Retail sales in the UK surged in July, shrugging off any economic uncertainty in the immediate aftermath of the UK’s vote to leave the European Union, according to data released by the Office for National Statistics on Thursday.
The ONS’ data shows that retail sales jumped 5.9% on a year-on-year basis, up from 4.3% in June, and well above the 4.2% growth that had been forecast by economists.
On a monthly basis, sales grew 1.4% compared to a 0.9% fall in June, and against a forecast of 0.2% growth.
Retail sales excluding fuel — a highly volatile component — also grew more than expected, jumping 5.4% y-o-y and 1.5% m-o-m. This compared with expectations of 3.9% and 0.4% growth.
Here’s the ONS’ chart:
While retail sales grew strongly in the month, it should be noted that consumer spending is always a volatile measure of activity, and can oscillate wildly from month-to-month, meaning that July’s data may not yet reflect any impact on shoppers by the Brexit vote.

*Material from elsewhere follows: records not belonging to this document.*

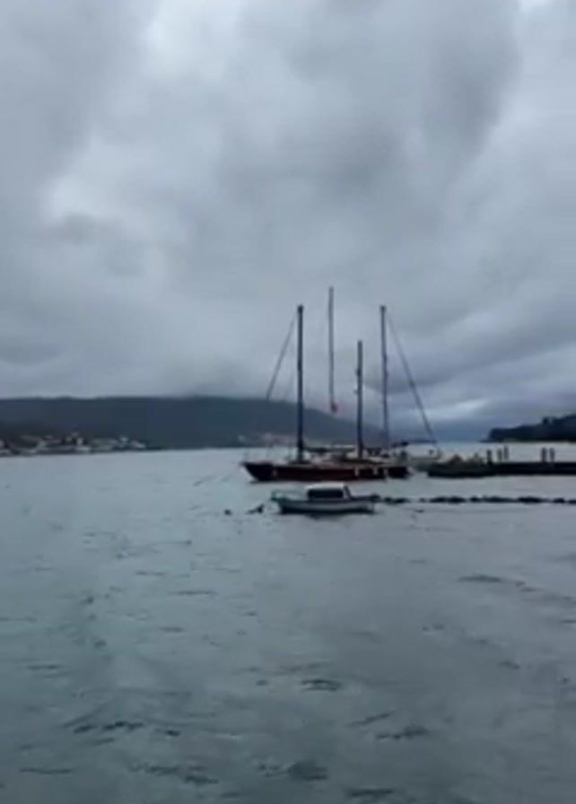 The video depicts a tranquil sea under a cloudy, overcast sky. A large, dark-hulled sailboat with three tall masts is the focal point, moored near a dark, low pier. A small, white boat is also visible near the sailboat. The water is choppy, reflecting the somber light from above. In the distance, a coastline dotted with buildings and a low, forested hill can be seen. The overall mood is calm and overcast.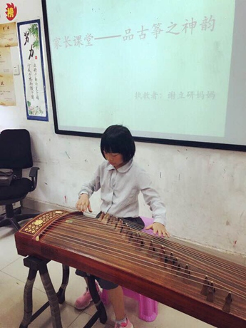 光谷为明学校优一一班的本次家长公开课,就是由本班谢立研同学的妈妈方玲老师讲授演奏的一节古筝课。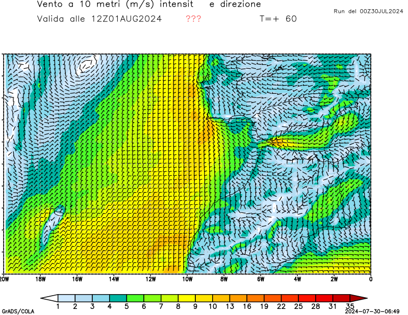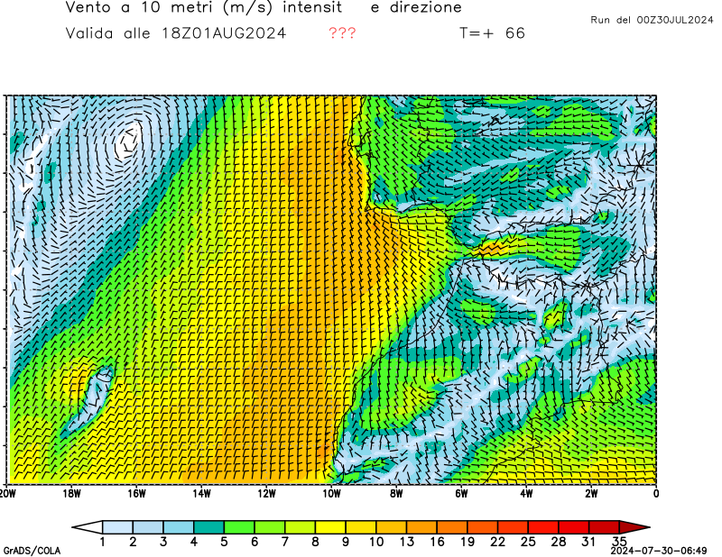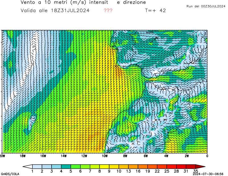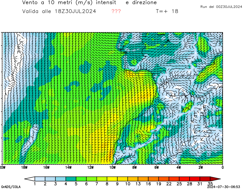 Vento a 10 metri - zoom Mediterraneo occidentale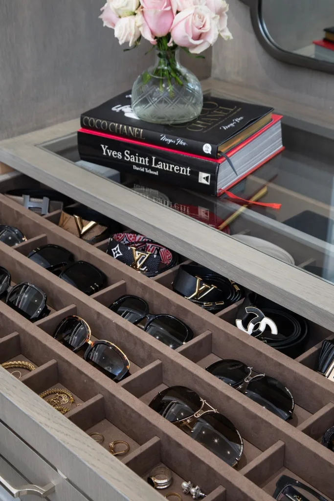 Keeping small accessories organized takes the stress out of getting ready. Dividers ensure your glasses, watches, and bracelets have dedicated spaces.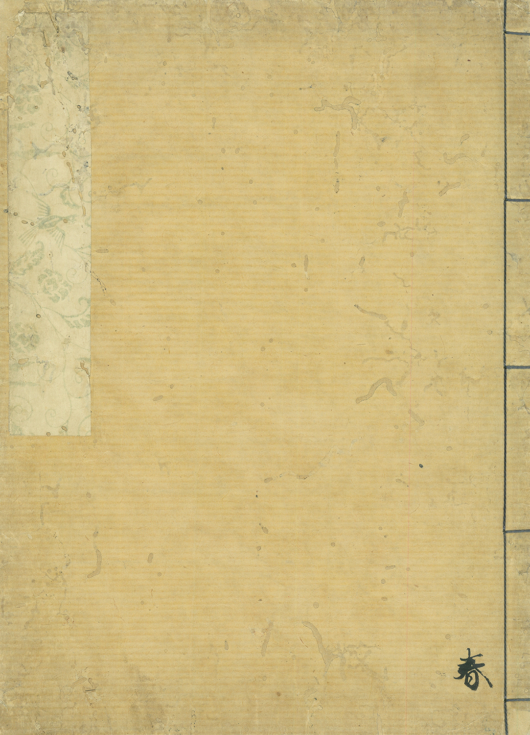 9丁半 大本27.7×20.1糎 唐紙題簽 有吉保旧蔵(蔵書印有)吉沢義夫旧蔵(蔵書印有) 大虫損裏打補修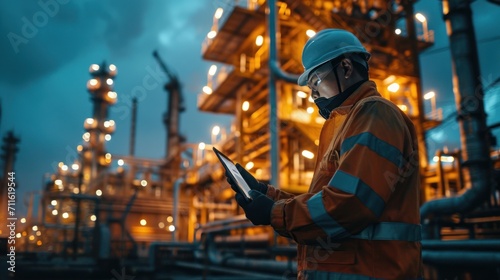 Petroleum refinery engineer in oil and gas industry with PPE personal safety equipment to inspect using tablet.

Since the UK’s vote to leave the EU, economic data and sentiment surveys have almost universally showed a slowing of activity in the country. Markit’s PMI surveys for Britain’s construction, services, and manufacturing sectors all point to the UK falling into a mild recession in the next year,although the Bank of England believes that the country will narrowly avoid one.
However, in the past couple of days, data from the ONS has painted something of a different picture, with unemployment falling again and the number of people claiming benefits also dropping.